The LanRecceChart performs multiple scouting missions of your local area network for compatible RabbitMQ consumers. The LanRecceChart was designed to:

  • be created/started/destroyed within another statechart

  • hide the complexity of the local area networking search details

  • build a set of search criterion based on it’s LAN discovery process

  • rely on the RabbitConsumerScoutChart specialists to perform the individual scouting missions for compatible RabbitMQ consumers.

  • perform all of it’s scouting missions in parallel

  • work in Linux and on the Windows Linux Subsystem

  • provide it’s result in the form of asynchronous events to which other statecharts can subscribe.

  • be easy to debug/document

The LanRecceChart is build by the LanChart object and it builds many different RabbitConsumerScoutChart objects:

_images/small_context_lan_recce_chart.svg

From a high level, the LanRecceChart subscribes the RECCEN_LAN event and publishes the LAN_RECCE_COMPLETE event.

_images/medium_context_lan_recce_chart.svg

Here is the design diagram for the LanRecceChart, if it is too small, click on the picture to download a pdf of the diagram:

_images/miros_rabbitmq_recce_chart.svg

The LanRecce class, inherited by the LanRecceChart contains all of the methods required to search your local area network and your local machine for the IP addresses needed to begin a search for compatible RabbitMQ consumers.
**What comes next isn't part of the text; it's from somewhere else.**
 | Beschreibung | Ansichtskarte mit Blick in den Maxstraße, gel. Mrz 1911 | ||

The three main methods used by the LanRecceChart during the dynamic portion of it’s life are:

  • LanRecce.get_working_ip_address

  • ping_to_fill_arp_table

  • candidiate_ip_addresses

The rest of the methods help these main methods perform their required tasks.
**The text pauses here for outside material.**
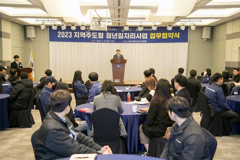 [군산=뉴전북] 군산시가 청년들의 일자리 창출 지원과 동시에 지난 10일  베스트웨스턴 군산호텔에서 ‘2023 지역주도형 청년일자리사업’ 협약식을 시작으로 정착 지원으로 청년들의 일자리와 정착지원에 나서게 된다.

To build a CacheFileChart with a live_trace:

lan_recce = LanRecceChart(
    routing_key='heya.man',
    exchange_name='miros.mesh.exchange',
    live_trace=True)

The LanRecceChart does not start itself. The statechart that wants to start the network reconnaissance will have to publish a RECCE_LAN event or use the post_fifo method on the LanRecceChart object with the RECCE_LAN event. Let’s just post to it directly using the post_fifo method:

lan_recce.post_fifo(Event(signals.RECCE_LAN))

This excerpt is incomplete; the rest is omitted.